Somehow, in random surfing, I came across this Master’s dissertation dated Feb 2008, from University of Pretoria, by Christiaan Maarten Van Dar Walt. It is titled – “Data Measures that characterize classification problems“. Well, I am a total dumbo as far as the mathematics of classification is concerned. Once or twice, I tried to decipher the myth, but each time, i have been too intelligent to realize that its pointless to write with a broken pencil. (Now, if you don’t have enough math foundation, do you really expect to understand internals of these stuff?)

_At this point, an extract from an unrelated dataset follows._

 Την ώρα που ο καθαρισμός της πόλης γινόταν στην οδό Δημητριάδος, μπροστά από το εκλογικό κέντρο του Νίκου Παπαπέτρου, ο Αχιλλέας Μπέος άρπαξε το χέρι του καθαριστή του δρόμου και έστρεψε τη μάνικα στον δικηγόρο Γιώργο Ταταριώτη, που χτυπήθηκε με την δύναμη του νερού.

Reading through this thesis, I felt its a very clearly written thesis, which was educative, at least for me and informative too. I am not going to write an elaborate description of this thesis. Let me mention in brief, what each chapter contains. To read it or not is left to the enthusiasts. I just read it in parts randomly and found that lot of investigation went in to it. Here you go :
Essentially, this thesis aims at understanding the relationship between the nature of data and the choice of a particular classifier. It goes in to performing this “to do” in the following steps:
1. Identifying the properties of data, which will affect a classifier performance
2. Proposing measures to quantify these properties
3. Validating the efficiency of these measures
4. Use these measures, build a meta classifier and explain the predictions regarding classification using them.
5. Explain the results of their experiments, interpretation, contributions to research, short comings of this work and future directions.
There is a great deal of background work material provided for the enthusiasts, which I personally liked – for the depth of bibliography 🙂
I haven’t read the thesis top to bottom, but I can be sure that it gives a fair idea of the choice of a classifier for a specific kind of data set and issues involved in the process of choosing. However, I wondered that they should have at least mentioned about the impact of domain of the data set on classifier choice. Or, the relation between the statistical nature of the data set and its domain put together on classifier choice.
Anyways, the thesis can be accessed here. I liked it for its clarity. I’d go back to this when I really do some work which needs this background, quite confident about the content.